Literally every Christian concept in the 2nc century and as later expressed in the Middle Ages, whether in West or East, are of “two different birds.”
Well… I think it’s great that you can admit to development. But the Deposit of Faith (if you’re Catholic)/Holy Tradition (if you’re Orthodox) can’t develop.
So this becomes a discussion about what can and what cannot develop and how we determine that.
Neither do you have the formulation of the Trinity.
Like here, for instance. The doctrine of the Trinity has
always been part of the Deposit/Tradition, as the theory goes. It just wasn’t dogmatically defined by Ecumenical Council for a few centuries.
Or the canon of the Bible.
Sure. Catholics defined their cannon in the affirmative at nearly the same time and didn’t close it in the negative until after the Protestant Reformation was underway - unsurprising for an apostolic religion (as opposed to one centered on personal revelation like our Evangelical friends typically prefer).
The point is, you can’t so simply call the Catholic view a “Middle Ages European” invention.
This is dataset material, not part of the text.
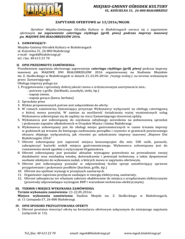 ZAPYTANIE OFERTOWE nr 13/2016/MGOK

Oh I’m not nearly so vague.
Papal supremacy and the associated papal powers would be the referenced innovation.
Before Islam swallowed the other Patriarchal Sees, if the Roman bishop said “All must believe X!”, Alexandria and Constantinople were apparently happy to tell the Roman bishop to kick rocks if they felt the decree unreasonable.
Now, if the Roman bishop says “All must believe X!” (assuming he performed the necessary steps to make it a valid “Simon Says”), the only correct reply for Catholic bishops worldwide is “Yes, Your Holiness”.
I think we have to be a little more responsible with the data than that
Emphatically, genuinely - I could not agree more.
Again, see Maximus the Confessor. He comes a bit before Medieval Europe – and from the Byzantine East, too.
Sure. Augustine is also pre-Middle Ages and considered a western Christian - maybe the father of them.
At the end of his life, Augustine wrote his Retractations where he corrects statements in his earlier writings which he says were erroneous. One of these had to do with the interpretation of the rock in Matthew 16. At the beginning of his ministry Augustine had written that the rock was Peter. However, very early on he later changed his position and throughout the remainder of his ministry he adopted the view that the rock was not Peter but Christ or Peter’s confession which pointed to the person of Christ.
Being careful with the data, a present understanding of the papacy is extremely difficult to derive from ancient sources, which is why Catholic Theologians typically fall back to admitting to development at that point.
For ancient non-Catholics, some of that development that makes the modern papacy possible is heretical.